Segment Start: Input data
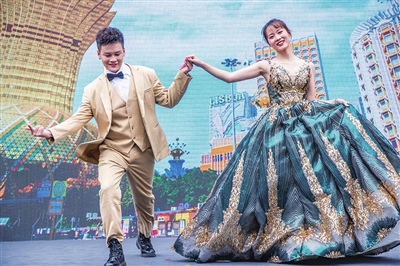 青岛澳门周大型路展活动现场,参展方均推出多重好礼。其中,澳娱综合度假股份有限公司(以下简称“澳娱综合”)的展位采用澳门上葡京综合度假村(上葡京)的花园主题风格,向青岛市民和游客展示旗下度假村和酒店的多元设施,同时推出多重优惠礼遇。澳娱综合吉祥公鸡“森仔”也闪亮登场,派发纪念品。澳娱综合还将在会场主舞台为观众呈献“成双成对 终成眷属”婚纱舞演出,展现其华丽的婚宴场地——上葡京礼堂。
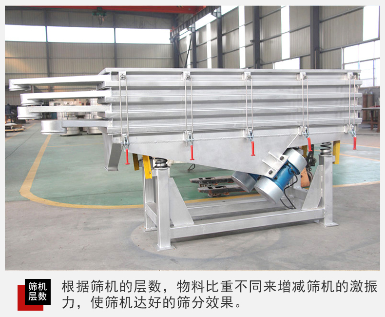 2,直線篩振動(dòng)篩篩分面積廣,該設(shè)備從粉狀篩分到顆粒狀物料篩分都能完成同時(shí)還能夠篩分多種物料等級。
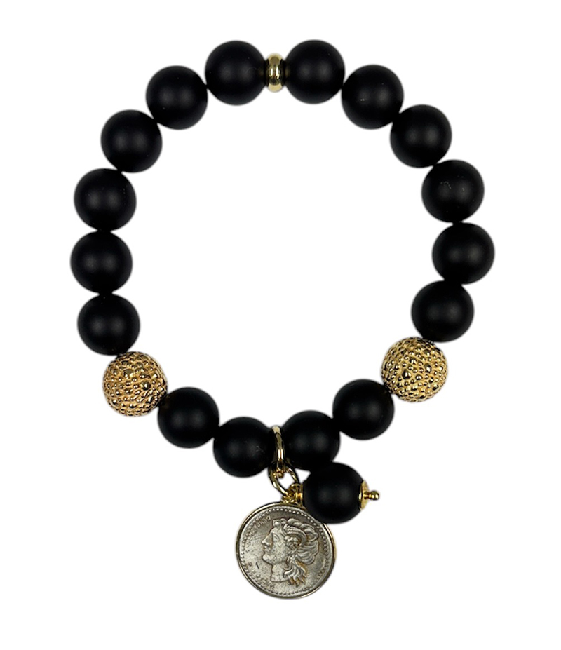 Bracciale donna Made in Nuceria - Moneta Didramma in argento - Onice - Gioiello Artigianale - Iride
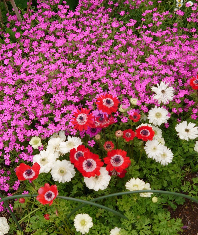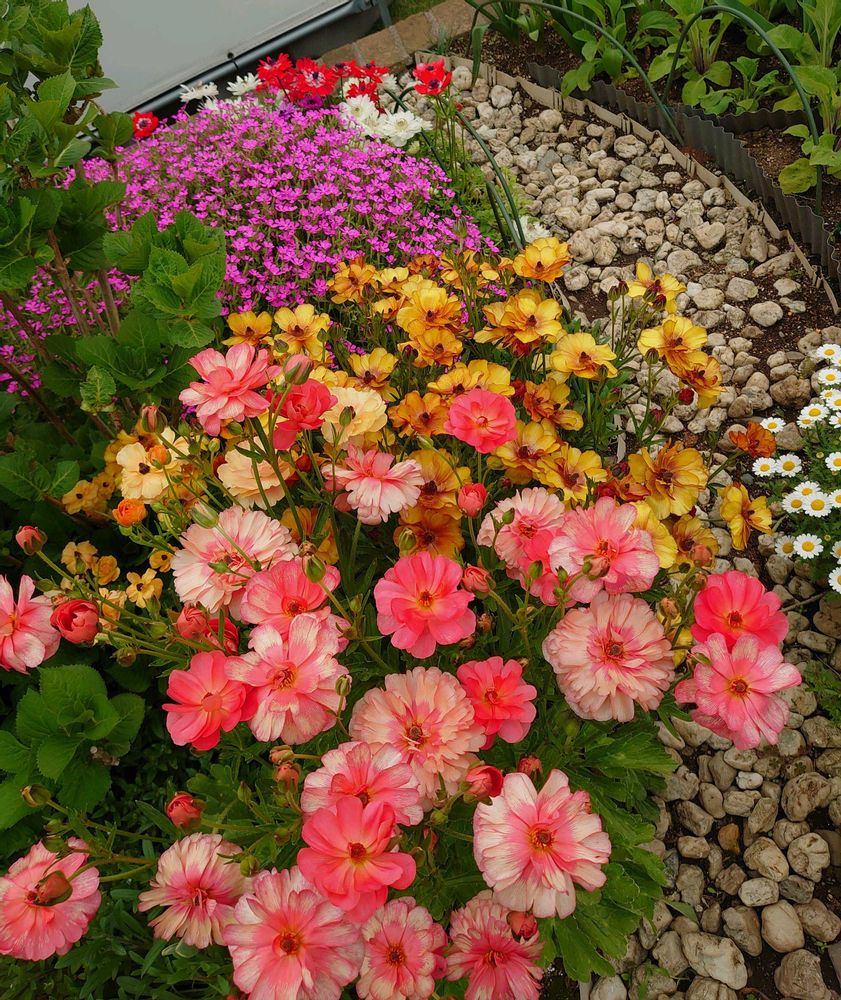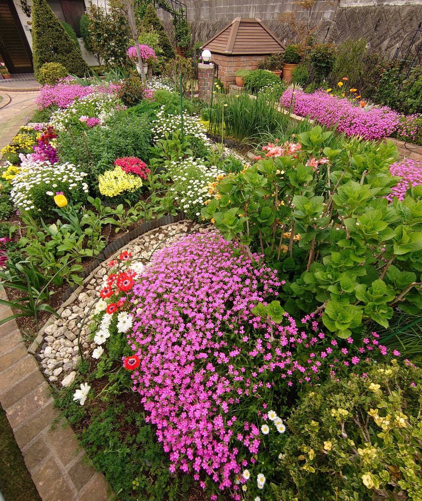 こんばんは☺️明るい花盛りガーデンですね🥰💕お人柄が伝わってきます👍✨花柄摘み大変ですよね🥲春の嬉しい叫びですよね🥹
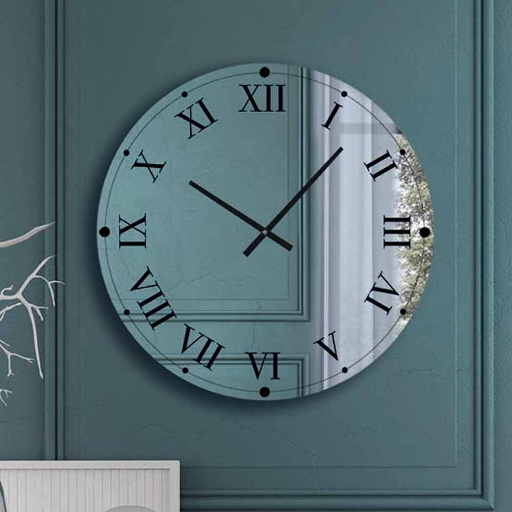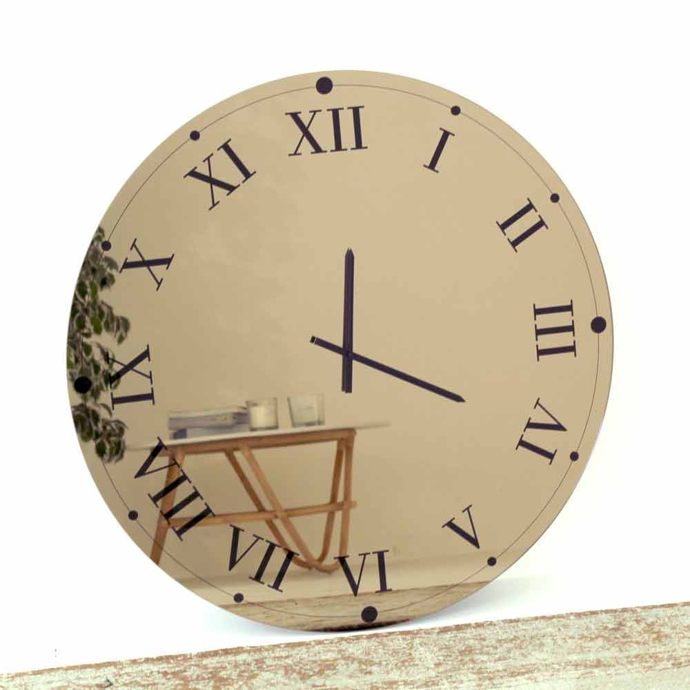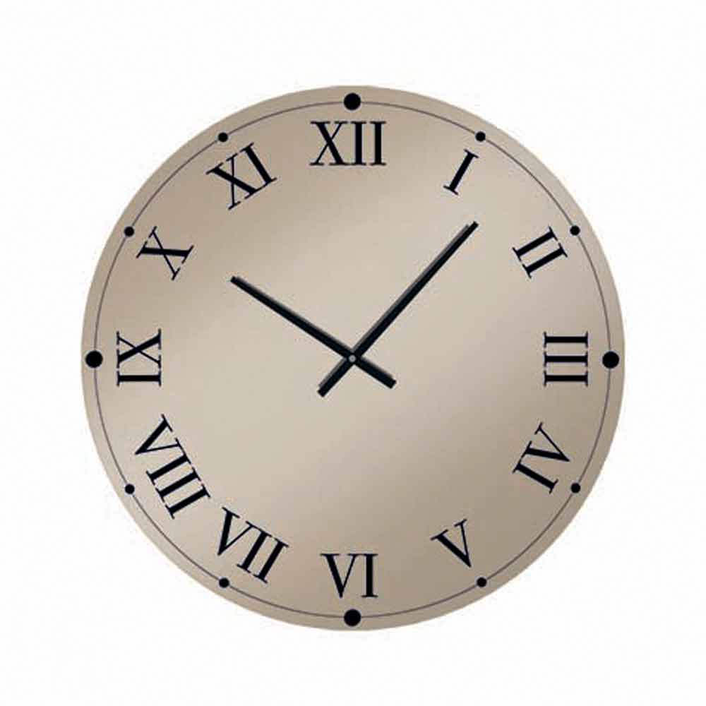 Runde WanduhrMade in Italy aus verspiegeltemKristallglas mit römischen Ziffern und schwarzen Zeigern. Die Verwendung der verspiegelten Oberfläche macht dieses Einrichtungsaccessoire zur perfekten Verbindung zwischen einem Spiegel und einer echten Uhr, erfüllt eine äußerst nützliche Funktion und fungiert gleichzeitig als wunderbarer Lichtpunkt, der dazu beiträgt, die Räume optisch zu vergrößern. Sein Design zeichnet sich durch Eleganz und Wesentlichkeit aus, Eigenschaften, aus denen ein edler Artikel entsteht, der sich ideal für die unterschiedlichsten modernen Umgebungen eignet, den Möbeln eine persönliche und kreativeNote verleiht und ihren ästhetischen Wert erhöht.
Segment End: Input data
## What you are asked to do
Although the records contain pictures, your copy should hold only the text, reproduced exactly.

## Answer for the task
 青岛澳门周大型路展活动现场,参展方均推出多重好礼。其中,澳娱综合度假股份有限公司(以下简称“澳娱综合”)的展位采用澳门上葡京综合度假村(上葡京)的花园主题风格,向青岛市民和游客展示旗下度假村和酒店的多元设施,同时推出多重优惠礼遇。澳娱综合吉祥公鸡“森仔”也闪亮登场,派发纪念品。澳娱综合还将在会场主舞台为观众呈献“成双成对 终成眷属”婚纱舞演出,展现其华丽的婚宴场地——上葡京礼堂。
 2,直線篩振動(dòng)篩篩分面積廣,該設(shè)備從粉狀篩分到顆粒狀物料篩分都能完成同時(shí)還能夠篩分多種物料等級。
 Bracciale donna Made in Nuceria - Moneta Didramma in argento - Onice - Gioiello Artigianale - Iride
 こんばんは☺️明るい花盛りガーデンですね🥰💕お人柄が伝わってきます👍✨花柄摘み大変ですよね🥲春の嬉しい叫びですよね🥹
 Runde WanduhrMade in Italy aus verspiegeltemKristallglas mit römischen Ziffern und schwarzen Zeigern. Die Verwendung der verspiegelten Oberfläche macht dieses Einrichtungsaccessoire zur perfekten Verbindung zwischen einem Spiegel und einer echten Uhr, erfüllt eine äußerst nützliche Funktion und fungiert gleichzeitig als wunderbarer Lichtpunkt, der dazu beiträgt, die Räume optisch zu vergrößern. Sein Design zeichnet sich durch Eleganz und Wesentlichkeit aus, Eigenschaften, aus denen ein edler Artikel entsteht, der sich ideal für die unterschiedlichsten modernen Umgebungen eignet, den Möbeln eine persönliche und kreativeNote verleiht und ihren ästhetischen Wert erhöht.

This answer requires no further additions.